The case also shows why business structure matters in litigation. Many family businesses operate through a mix of individuals, companies and trusts. But the right plaintiff is not chosen by convenience. If the account, line of credit or property belonged to a company or trustee, that entity may be the one with standing to sue. If the company has been deregistered, the problem becomes harder, not easier.

Another practical point is that courts can deal with limitation and pleading defects early. Businesses sometimes assume they will get discovery first and sort out the legal theory later. This decision is a reminder that a court may summarily dismiss a case before trial if the limitation defence is complete or the pleading does not disclose a viable cause of action.

Finally, this case appears to reinforce existing procedural principles rather than create new law. Its value is as a warning about litigation discipline. If you are considering a claim against a bank, lender or other major counterparty, identify the relevant dates early, work out who actually suffered each loss, and test whether your pleading states each element of each cause of action.

Practical sense check

  • Create a chronology of every disputed event and every date you first knew about it
  • Identify the correct plaintiff for each alleged loss
  • Check whether any company involved has been deregistered or liquidated
  • Review whether each cause of action is fully pleaded, including conduct, causation and loss
  • Treat limitation as an early strategic issue, not a later housekeeping task
  • If relying on concealment, identify the exact basic facts said to have been hidden
  • Do not assume incomplete discovery will stop a court from deciding limitation

FAQ and practical questions

Does this case change the law? On the material available, no. The decision appears to apply established principles about leave to appeal, summary dismissal, limitation periods, pleading sufficiency and standing.

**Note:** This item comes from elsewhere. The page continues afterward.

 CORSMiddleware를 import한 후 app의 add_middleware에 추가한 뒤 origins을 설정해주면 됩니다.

Can a limitation issue really end a case early? Yes. The court said that if a limitation period is a complete answer, the court does not need to postpone the issue until trial.

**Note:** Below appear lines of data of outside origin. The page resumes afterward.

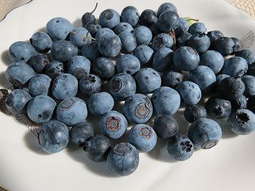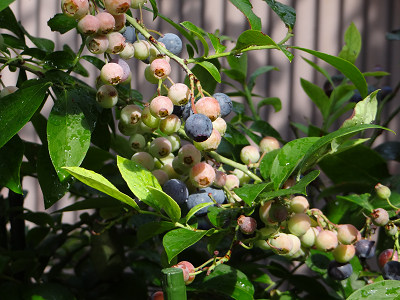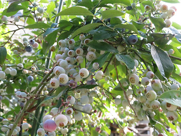ブルーベリーの白っぽい実が端から黒くなって、熟したものは簡単に枝から離れる。
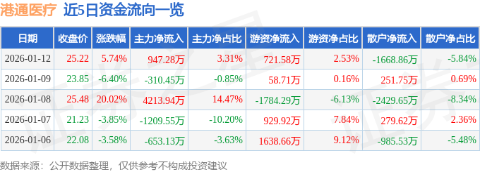 证券之星消息,截至2026年1月12日收盘,港通医疗(301515)报收于25.22元,上涨5.74%,换手率17.69%,成交量11.6万手,成交额2.86亿元。
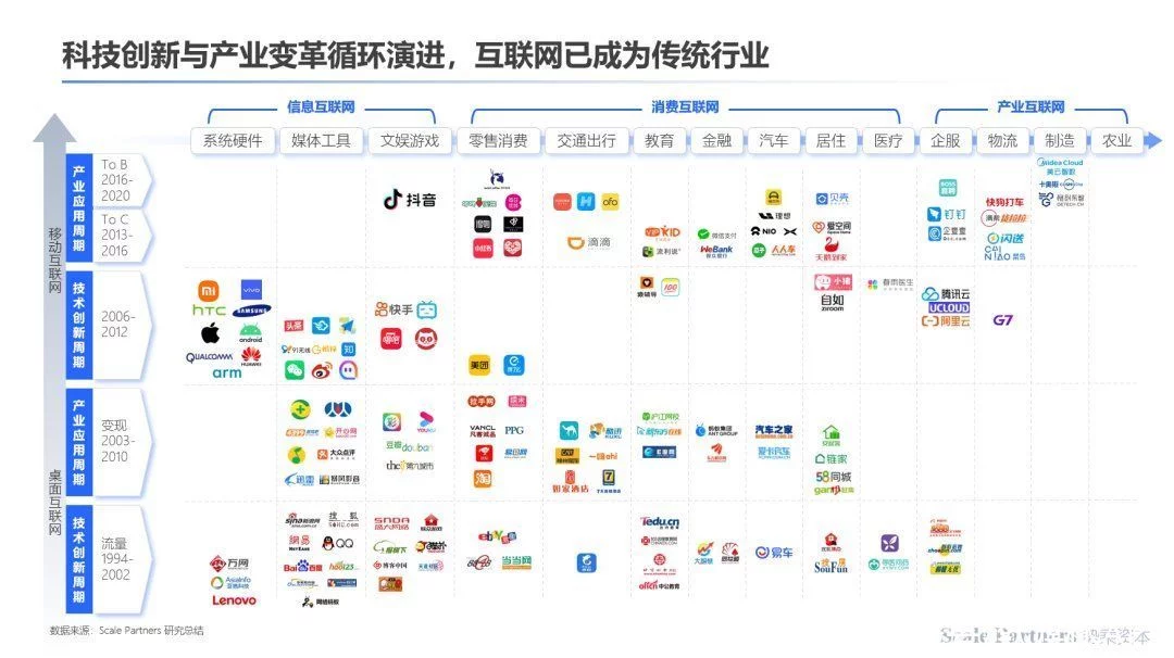 而这个过程中可以发现,移动互联网时代对产业的渗透深度比桌面互联网更深,桌面互联网介入行业基本停留在信息连接层面,而到移动互联网时代,众多掌握先进技术要素的公司开始自己下场开超市、组车队、重构教育内容和金融机构,甚至是卖房、造车。也有些公司虽然诞生在桌面时代,但成功抓住移动爆发红利杀出重围,比如美团、去哪儿、支付宝。

What counts as knowing enough to sue? The judgment points to knowledge of the basic facts essential to the cause of action, not possession of every document that might later help prove it.

What if the loss was suffered by a company or trustee? Then the individuals behind the business may not be the proper plaintiffs. That issue can be fatal even if the underlying complaint feels personal and commercially serious.

What if the relevant company has been deregistered? The case shows that deregistration can create major standing problems. Even if reinstatement is considered, that may not solve the problem if the underlying claims are already out of time.

Dates and status

The judgment is dated 19 February 2026. It records that the proceeding was an application for leave to appeal from Clark v National Australia Bank Limited [2025] FCA 627. The application for leave to appeal was dismissed and the applicants were ordered to pay NAB's costs on an agreed or assessed basis.

This page should be read with care because the judgment text available here is truncated. The extract is detailed enough to explain the commercial story, the procedural posture, the main limitation issue, the standing problems and the outcome. But some parts of the reasoning and some factual detail may sit outside the visible extract. Anyone relying on the case for advice or active litigation should review the full judgment.